I have installed a SBS2003 with the domain being company-site.com (example!).

Everything went fine with the install.

With the e-mail they way they wanted it setup was to create an exchange mailbox and then create a POP3 account storing the messages in the exchange box.

All this is ok, but the pop/smtp servers are mail.company-site.com but it says it can't find them. Same happenes in IE when you try and browse their website.

Site works fine outside of domain.

To get around the mail problem I have entered the IP of their hosting company into the pop/smtp and that works, but they still can't get website.

I guess its because I didn't setup domain as being company-site.local or something.

Any ideas how this can be sorted - can I do something with DNS ?

Thanks


Posted

Yes - you need static entries in the forward (and possibly reverse) zones for company-site.com on the SBS server. What happens when you give your internal domain a public name is that AD clients then assume that all DNS queries against that TLD are local. If the servers are NOT local, the lookup will fail until you add a static entry for every host that is not on the SBS network, but has it's TLD as company-site.com.

Posted

Open the DNS Management console (in Administrative Tools)

Expand Forward Lookup Zones

Right click the company-site.com

Select New Host (A)

Name: mail

IP: [the hosting companies]

Put a check in Create Associated pointer (PRT) record (this will auto create the reverse lookup record for you)

Repete for Name: www

This will let the DNS server respond with the hosting company's IP for mail.company-site.com & www.company-site.com requests

  • 2 weeks later...
Posted

Further to the above issue.....

When a user from the office where the server is e-mails a user in another country that also use the e-mail (pop3 boxes) it gets returned.
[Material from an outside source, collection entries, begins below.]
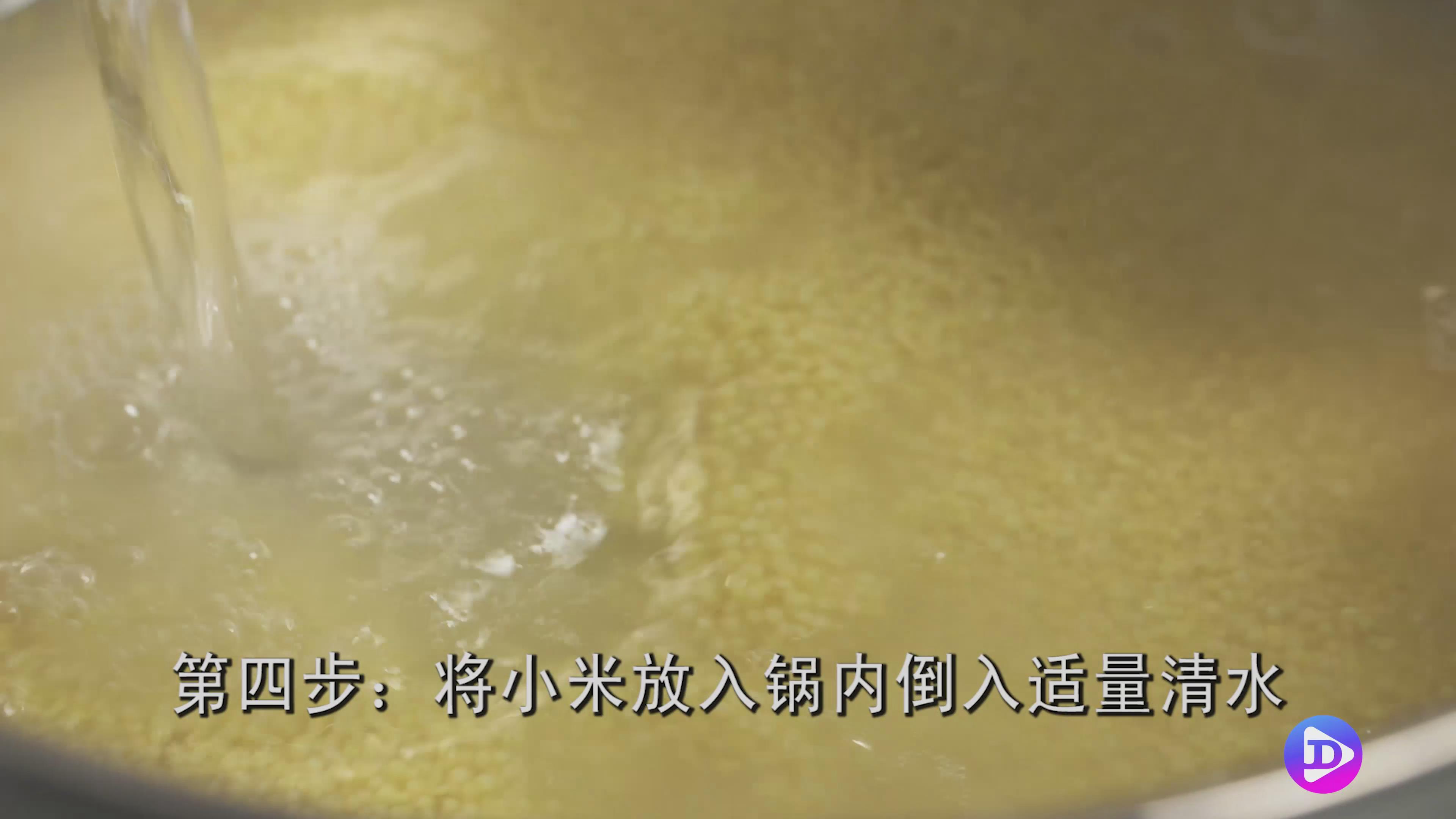 第四步:将小米放入锅中,倒入适量清水,盖上锅盖,大火煮。
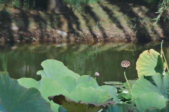 秋水共長天一色,微風拂過卷起陣陣漣漪,東湖亭子里自習的人在安靜地看著書,看累了就看會兒湖。長椅上的情侶沒有言語,女孩在拍荷葉,男孩在看女孩。
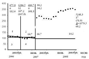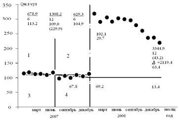 Динамика накопленной добычи нефти, жидкости и накопленной закачки воды приведена на рис. 57
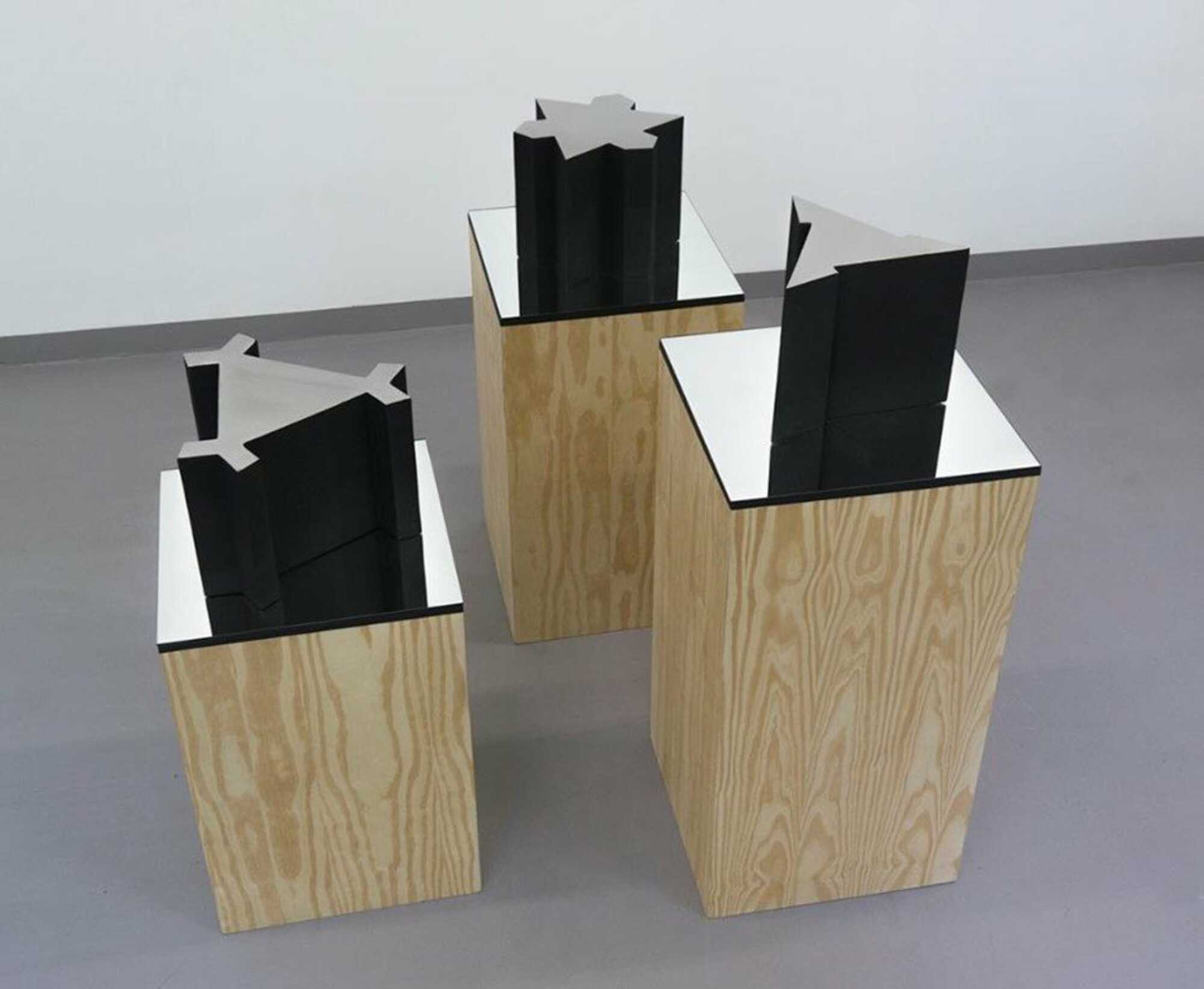 Jorge Garcia, Architektur der Abwehr I, II und III (2015), Eisen mit Farbe und polierter rostfreier Stahl
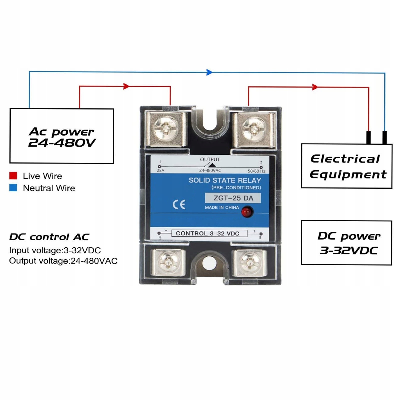 1. Технічні параметри: SSR 25DA, 3-32VDC/ 24-480VAC модуль SSR; Струм і частота - 25 A 50/60 Гц
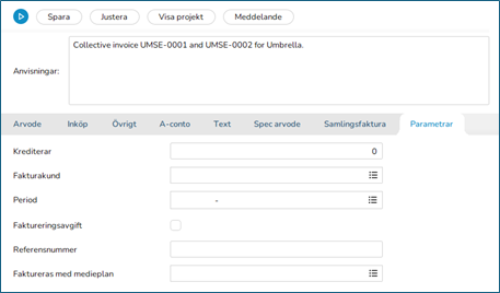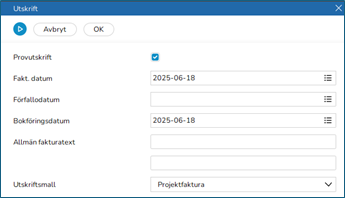 | Faktureringsavgift | Om en övrigtkod för faktureringsavgift finns inställt i projektparametrarna och på projektet kryssas faktureringsavgift i om det ska gälla fakturan |
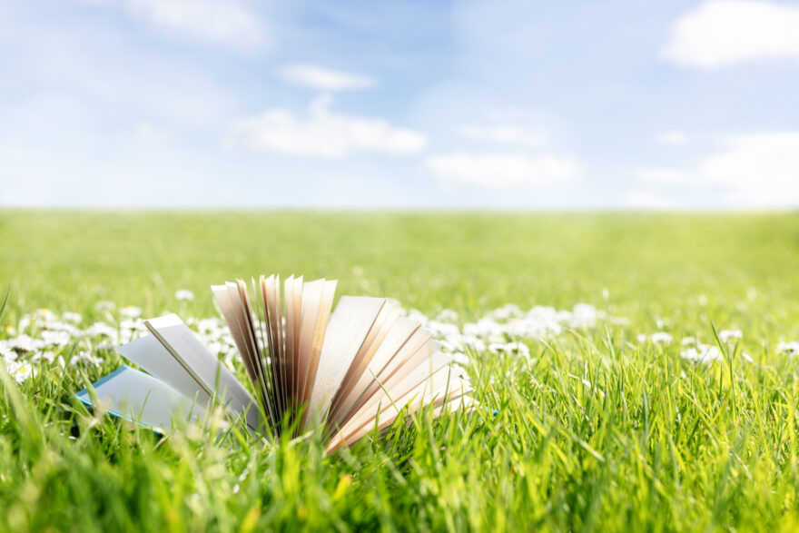 Open book on green grass in a field with daisys background concept for reading, relaxing and recreation
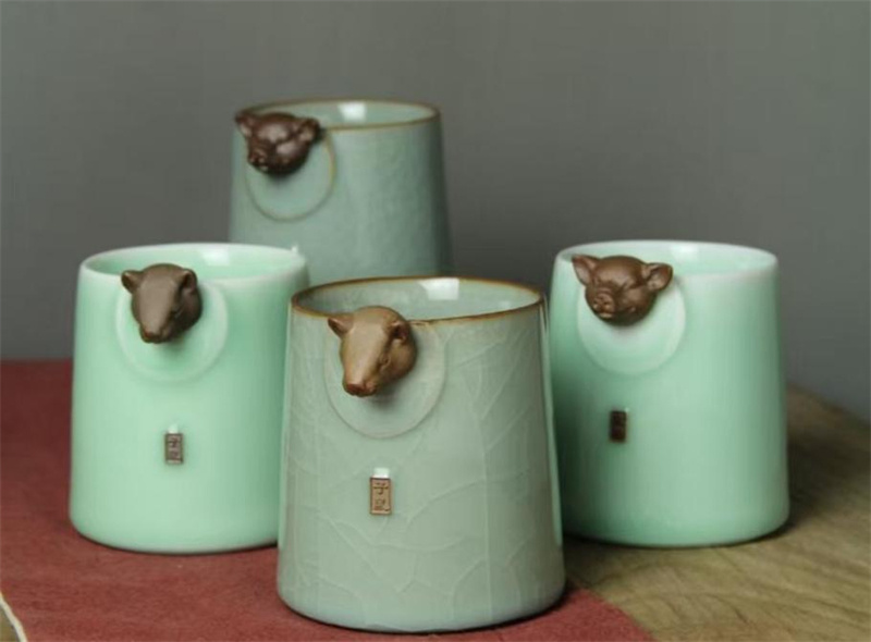 此次亮相的龍泉青瓷作品圍繞精致生活主題,展現(xiàn)了青瓷在日用瓷方面的創(chuàng)新。如浙江省工藝美術(shù)大師黃順民的《十二生肖水杯》巧妙融入生肖元素,杯身青釉溫潤(rùn),開(kāi)片紋理古意盎然,杯口的生肖頭部雕刻生動(dòng)細(xì)膩,實(shí)現(xiàn)傳統(tǒng)中國(guó)文化與龍泉青瓷工藝的完美融合;中國(guó)工藝美術(shù)大師、中國(guó)陶瓷藝術(shù)大師盧偉孫的《線(xiàn)性思緒手握杯》杯型直身微敞,杯身內(nèi)側(cè)與上唇露出白瓷胎,手工雕琢的線(xiàn)性紋理在涂抹青釉后,與光影交織出簡(jiǎn)潔唯美的“哲思者”輪廓,1300℃還原焰燒制的青釉擅長(zhǎng)表達(dá)青玉般潤(rùn)澤的東方質(zhì)感,青白層次對(duì)比盡顯中國(guó)瓷器當(dāng)代頂級(jí)美學(xué)。另一款《星空龜紋手握杯》則以遠(yuǎn)古龜甲紋為符號(hào),予以美好生活的祈福寓意,杯體配天然木紋底座,盡顯內(nèi)斂沉穩(wěn)的大家風(fēng)范,將中華文化底蘊(yùn)與當(dāng)代設(shè)計(jì)審美巧妙融合。
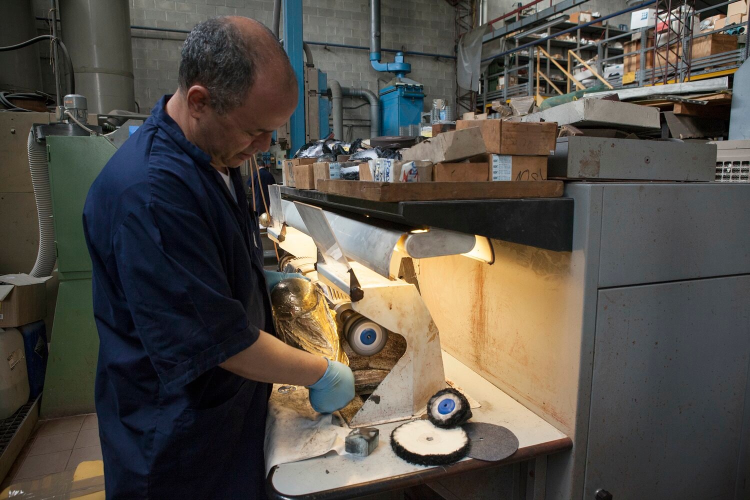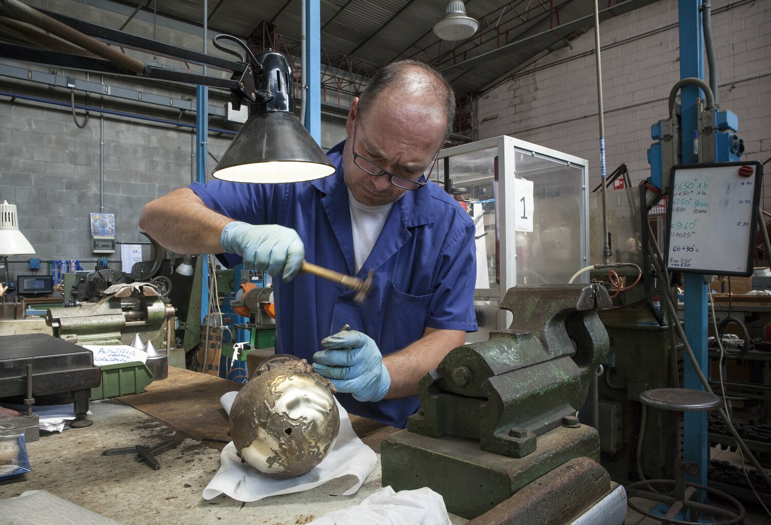 「ワールドカップの作り方」は、“荒削り”から始まる。真鍮で鋳造されたばかりのトロフィー本体から余分な金属片を電動リューターで削り落とす。
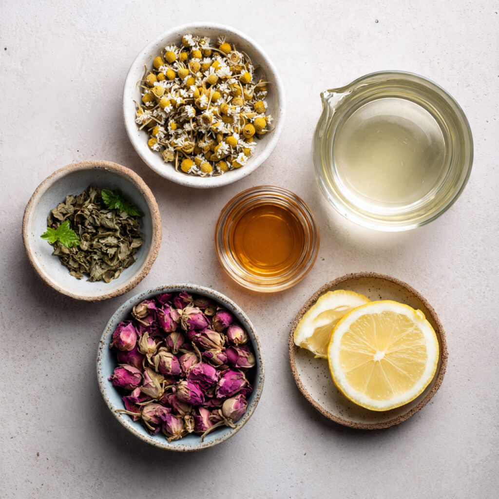 - Combine Ingredients: Add chamomile, rose petals, and mint to the teapot or an infuser placed in your cup.
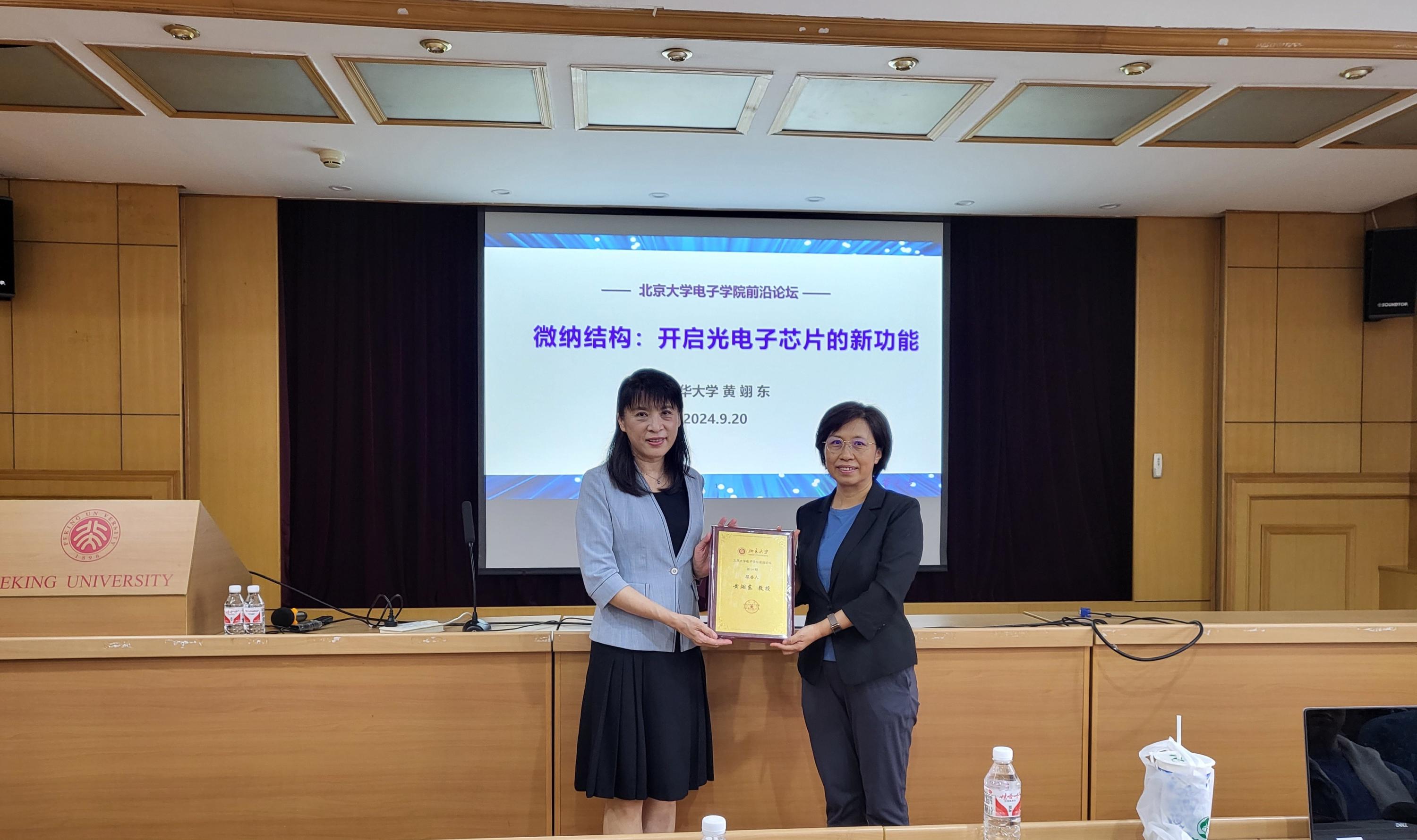 在互动环节,现场老师和同学们踊跃提问,黄教授逐一解答。当谈到如何平衡科学前沿与实际应用时,黄教授幽默地指出,科技的发展需要“顶天立地”,既要勇于探索未知的科研领域,也要推动已有成果的实际应用。她鼓励大家保持积极向上的态度,在各自的研究方向上深入挖掘,争取取得更大进展。最后,黄教授真挚祝愿老师和同学们再接再厉,在现有的微纳加工光电子芯片平台基础上积极创新,共同努力实现更大的突破。报告结束时,六合彩开奖号码 冯梅萍书记为黄教授颁发了六合彩开奖号码 前沿论坛纪念牌,并合影留念。
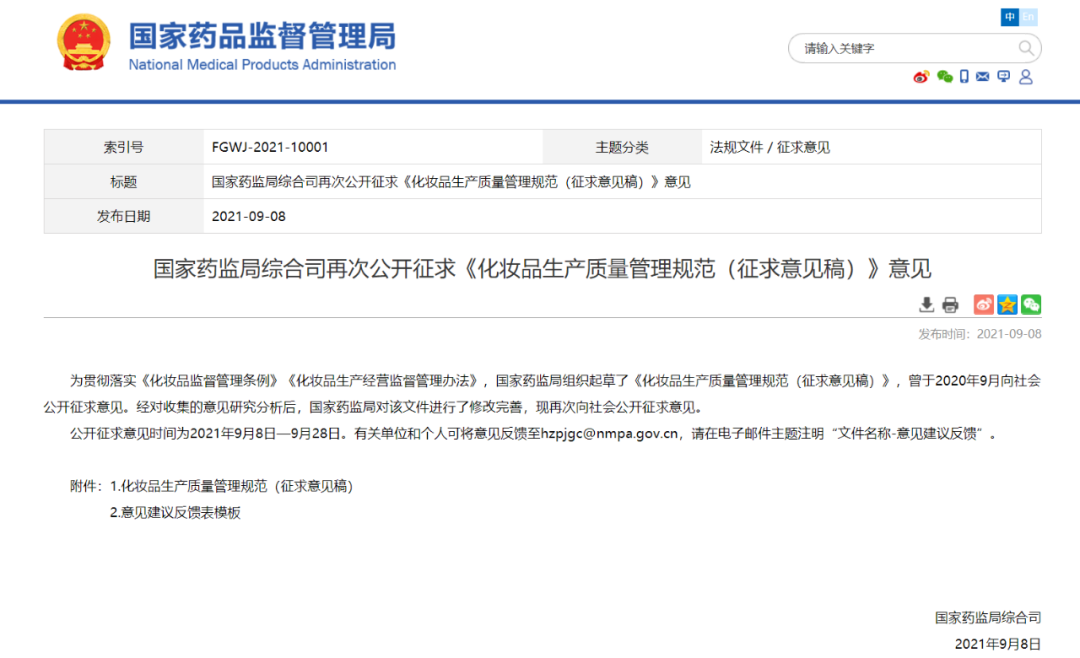 一份文件两次公开征求意见,尚属行业。由此可见,业内及监管层对《化妆品生产质量管理规范》的重视。据悉,该法规自2022年1月1日起施行。

I guess its because I have called the server the same as the domain name. When I added the DNS lookups (above) they are able to access their website fine.

Is there an easy solution to make sure that the e-mails leave the server to the other users?

Thanks!

Posted

More Detail...

Say company is abc.com - Their website and e-mails are www.abc.com and whatever@abc.com

I called their server abc.com (not knowing what I know now!)

In the office is say: ben@abc.com bob@abc.com and amy@abc.com - These people can send e-mails to each other fine and to anyone else outside of the company.

In another office (abroad) there is say jim@abc.com, tom@abc.com. People from the above office CAN'T send messages to these people. But these can send to the above office.

I think its because they are going from the first office to the SBS2003 which is rejecting them as they are not a user on that server. What I need them to do is to always go outside of the server to the ISP to be delivered to the 2nd offices PCs using the POP accounts they have on their Outlook.

Make sence?!

Thanks!

Posted
With the e-mail they way they wanted it setup was to create an exchange mailbox and then create a POP3 account storing the messages in the exchange box.

Okay ... I missed this part of your first post. Connecting Outlook to Exchange and a POP3 account is not a supported configuration. Once Outlook is told to connect to an Exchange server, that's all it gona do. Even if you set the POP3 account as the User Account default in ADU&C and Outlook it's gona act flakey.

You need to be using a POP Connector to check the pop accounts, and there is an option to have Exchange relay through an external SMTP server in the same documentation. I don't recall the details (it's been a while) but do some digging on MS's site for SBS POP Connector and you'll find what you need.